Pakistan's Floods: A Glimpse of the Future

“Terrible devastation.”

With those two words, Pakistan Prime Minister Shehbaz Sharif summed-up the 2022 monsoon season in Pakistan, home to one of the world’s most climate-vulnerable societies … and one having made only scant contributions to the mounting carbon dioxide emissions at the heart of human-caused climate change.

On top of historically damaging flooding in 2010, this year brought a far worse monsoon season to the country, which has the most glaciers (7,253) of any country outside of the polar arctic region.
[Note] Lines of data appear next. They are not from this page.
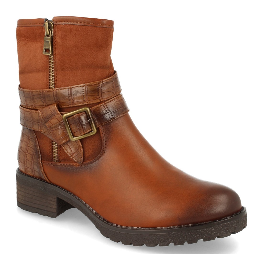 Botín de Mujer, con Hebilla, Estampado de Cocodrilo en Talon y Tiras, Caña Blanda, y Cierre de Cremallera Otoño Invierno 2020
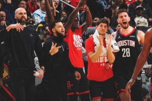 赛后火箭发布赢球海报,替补席庆祝瞬间成为封面,范弗里特、芬尼-史密斯、谢泼德和申京都入镜,还有一位火箭助教。
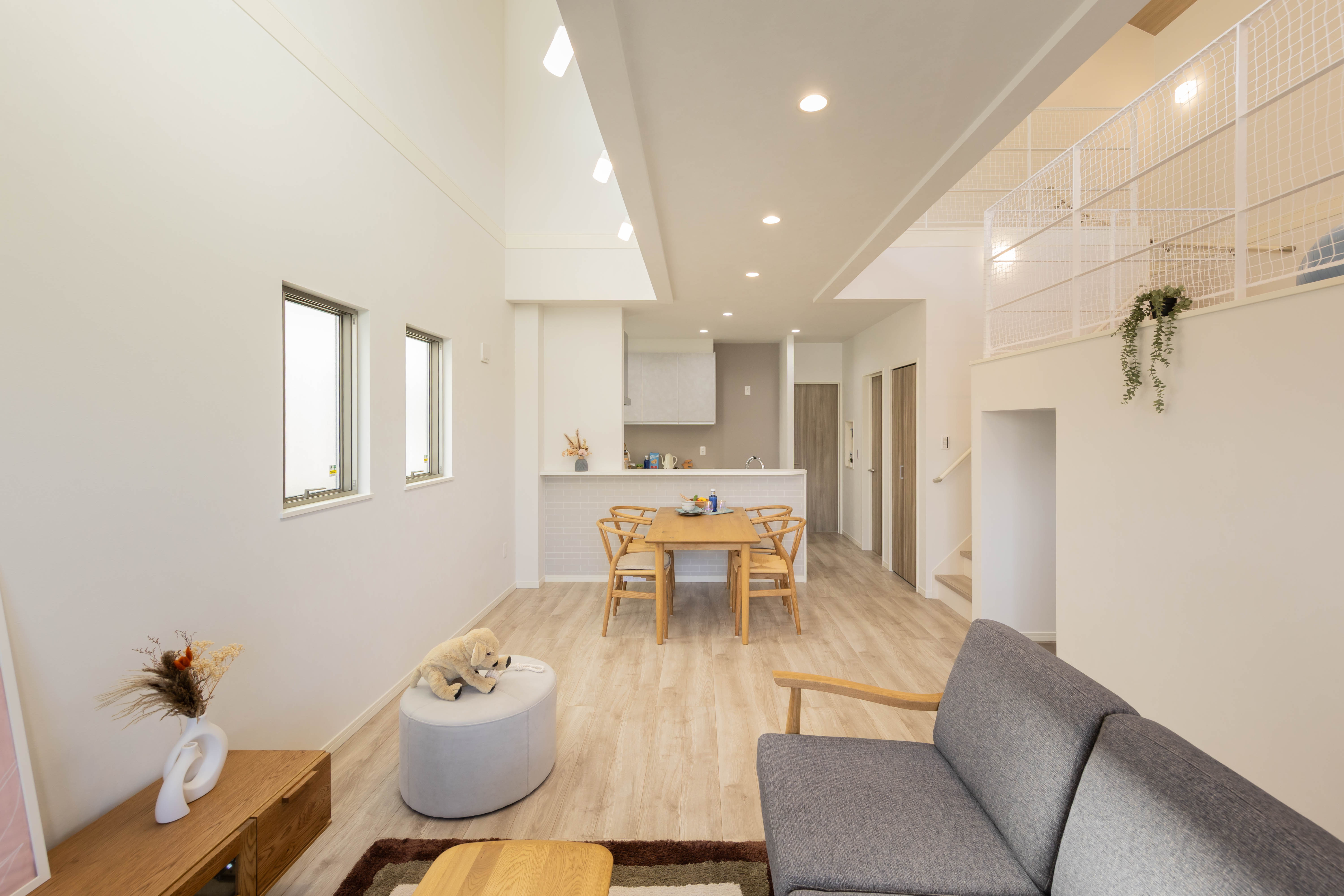 スキップフロアが空間に立体感を生み、家族の気配を感じながらも程よい距離感を保てます。

Those glaciers, many at risk of melting and too many already at various stages, are critical for providing the strategic country’s population, agriculture, and water supplies.

Meteorologist and Yale Climate Connections regular contributor Bob Henson says in Peter Sinclair’s new “This is not Cool” video for this site that the 2022 summer’s monsoons are “a normal feature of the summer season,” this time “run amok.” He concisely explains the reasons.

University of Michigan scientist Meha Jain explains how climate change is affecting “the intensity, the frequency, and the duration” of precipitation in Pakistan, providing periods having little or very minor rain followed by periods of intense rainfalls. She points to damaging effects on the country’s drought, crop failures, and water resources.

In video footage from 2014, Ohio State University scientist Lonnie Thompson points to the strategic importance of the Indus River, running through China, Pakistan, and India, all “geopolitical hot spots” vulnerable to adverse climate change impacts. He grimly warns that the only options for addressing the region’s challenges are major reductions of climate pollutant emissions, adaptation to them… or “suffering.”